Jean-Marc Ferry avait montré, dans les années 90, l’unilatéralité de cette
approche. Ferry a relativisé l’identité narrative, qui participe certes de la
construction de l’identité, par rapport à d’autres identités discursives en
montrant que le seul récit de soi ne permet pas d’ouvrir convenablement la
dimension éthique. La difficulté de Ricœur tenait en effet à l’orientation de son
éthique sur l’identité narrative, signalant un « lien privilégié entre théorie
éthique et théorie narrative »22, où l’identité est garantie par la possibilité de
réunir sa vie dans un récit cohérent, procurant ainsi à l’identité une certaine
stabilité. Même s’il va de soi que les récits peuvent varier, et que l’identité
narrative est de ce fait dynamique : il s’agit à chaque fois de pouvoir se ressaisir
narrativement. Mais se raconter simplement, en dehors de toute communauté, de
tout partage, impliquant une sincérité à l’égard d’autrui etc., fait courir de gros
risques. Car on se raconte sans contrôle effectif ni possibilité de critique. Et le
mythomane aussi se raconte, le mythomane surtout, pour lequel c’est même
essentiel. Pour échapper à ce risque, il faudrait donc une dimension critique
évaluative qui échappe à la simple narration. Cette dernière doit, si l’on reprend
le vocabulaire de Jean-Marc Ferry, au moins être complétée par l’interprétation,
qui nous donne le sens de la narration, dans une perspective universalisante, et
par l’argumentation, qui en rend raison au regard d’autrui, qui est « la grande
force critique du discours »23, pour éventuellement le reconstruire à partir de la
discussion et réarticulation des raisons. Bref, l’identité narrative est fragile et
l’éthique qui s’en réclame peut même, écrit Jean-Marc Ferry, paraître comme
violente dans la mesure où « le fait de l’histoire propre se présente comme si, par
lui-même, il constituait un droit »24 : « La tradition dont l’appropriation narrative
définit éventuellement une identité personnelle, individuelle ou collective, n’est
pas là traitée sélectivement sous l’aspect de l’acceptabilité pour d’autres, mais
plutôt sous l’aspect de l’efficacité avec laquelle elle permet à cette identité
d’affirmer sa différence »25. En d’autres termes, il s’agit de l’activation d’une
certaine identité substantielle – qui donne le communautarisme au niveau des
collectivités - qui fait l’économie de se confronter à l’argumentation qui
implique, elle, le décentrement critique. Et Ferry de poursuivre : « la difficulté
d’une valorisation éthique de la narration ne tient pas à ce qu’à l’inverse d’une
démarche argumentative, tournée vers l’universalité, la démarche narrative soit
tournée vers la singularité », mais au fait que « l’identité narrative, à l’opposé de
l’identité argumentative, est plus tournée vers soi-même que vers autrui » 26 : le
narrateur avance des éléments qui ne sont accessibles qu’à lui et se soustrait au
jugement public. Et de ce fait, il se dérobe à toute critique. Car argumenter n’est
pas raconter et « celui qui narre est lui-même beaucoup moins exposé à
l’opinion d’autrui, au jugement critique du public que celui qui argumente.
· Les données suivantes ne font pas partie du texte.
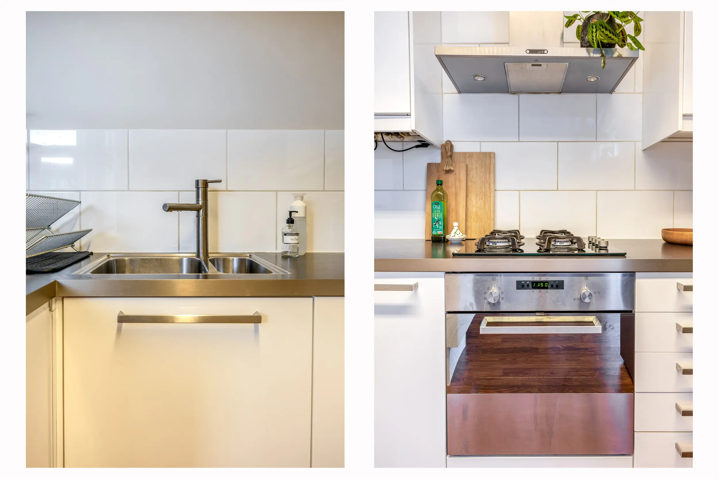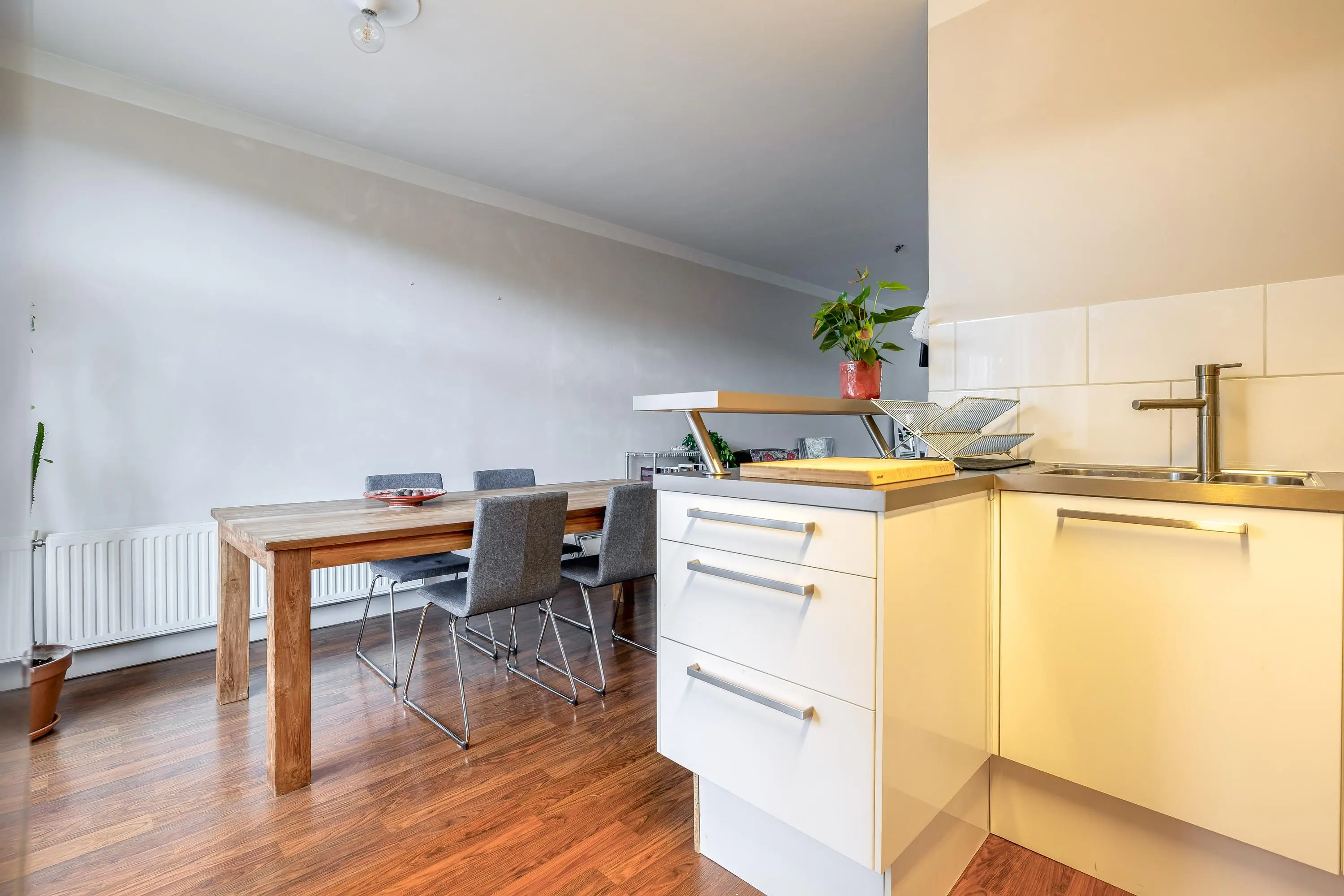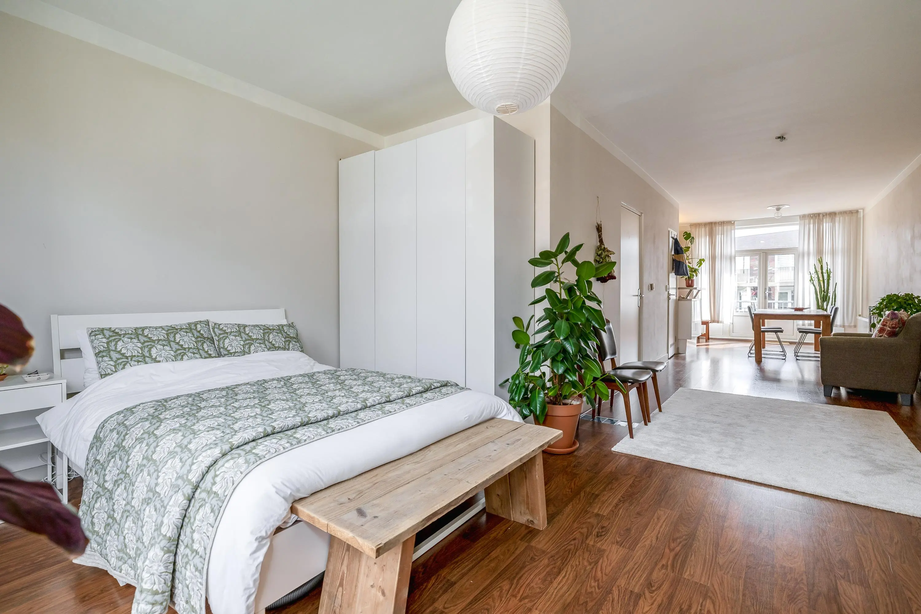 Middels het gesloten portiek is de woning bereikbaar. De entree in de woning is in de royale living. Aan de achterzijde is de open keuken aanwezig, aan de voorzijde bevindt zich de slaapkamer. De kamer is ruim en heeft een mooie authentieke erker waardoor er veel natuurlijk licht naar binnen komt. De meterkast is ook in deze slaapruimte aanwezig. Voor de doorgang naar de keuken is eerst de badkamer te vinden. Deze heeft als sanitaire voorzieningen een douche, toilet en een wastafel met meubel. Via de woonruimte is ook het fijne balkon bereikbaar, deze is gelegen op het zuidoosten. De open keuken is in een L-opstelling voorzien van een divers aanbod aan inbouwapparatuur. Denk dan aan een gaskookplaat, oven, magnetron, afzuigkap, dubbele spoelbak koel-/vriescombinatie, vaatwasser en voldoende kastruimte. De keuken is in een nette staat en heeft een moderne afwerking. Wat een leuk appartement!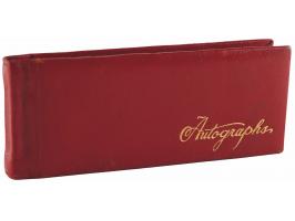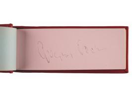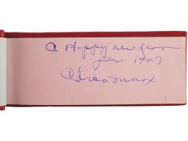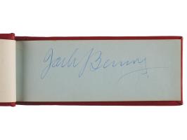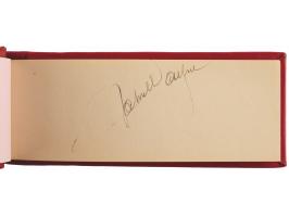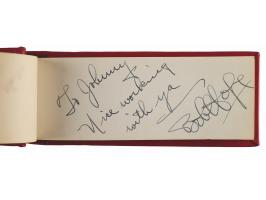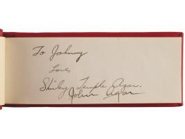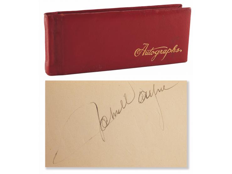 Vintage circa late 1940s hardcover autograph album, 6 x 2.5, signed inside in fountain pen by 25 entertainers, many with inscriptions to "Johnny." Includes: John Wayne, Chico Marx, Gregory Peck, Hoagy Carmichael, Jack Benny, Paul Winchell, Eddie Peabody, Martha Raye, Shirley Temple, John Agar, Dorothy Lamour, Peggy Mann, Robert Armstrong, Forrest Tucker, Harry Carey, Jr., Pat O'Brien, Rudy Vallée, Bob Hope, and a few others. In fine condition.

L’identité narrative est foncièrement égocentrique » 27, conclut Jean-Marc Ferry,
en soulignant qu’étant de ce fait peu ouverte à la reconnaissance de l’autre ou à
sa souffrance, l’éthique qui y est rattachée est problématique. En effet,
l’égocentrisme narratologique empêche d’articuler la perspective de vie bonne à
celle de la société juste, car l’histoire propre se présente comme faisant droit par
elle-même sans égard pour d’éventuels récits concurrents. Tout cela constitue
une critique forte de Ricœur, et insiste sur la nécessité d’une extériorité, qui rend
possible et la réflexion et la critique. L’excentration de la raison doit être
incarnée, dans l’échange, fût-il conflictuel : c’est là que se trouve la profonde
vérité de la raison communicationnelle. C’est donc bien la dimension critique de
l’interprétation qui est en jeu, interdite par l’égocentrisme narratologique. Bref,
l’herméneutique de Ricœur reste finalement dans le sillage des éthiques
herméneutiques de la propriété, pour reprendre la formule utilisée plus haut.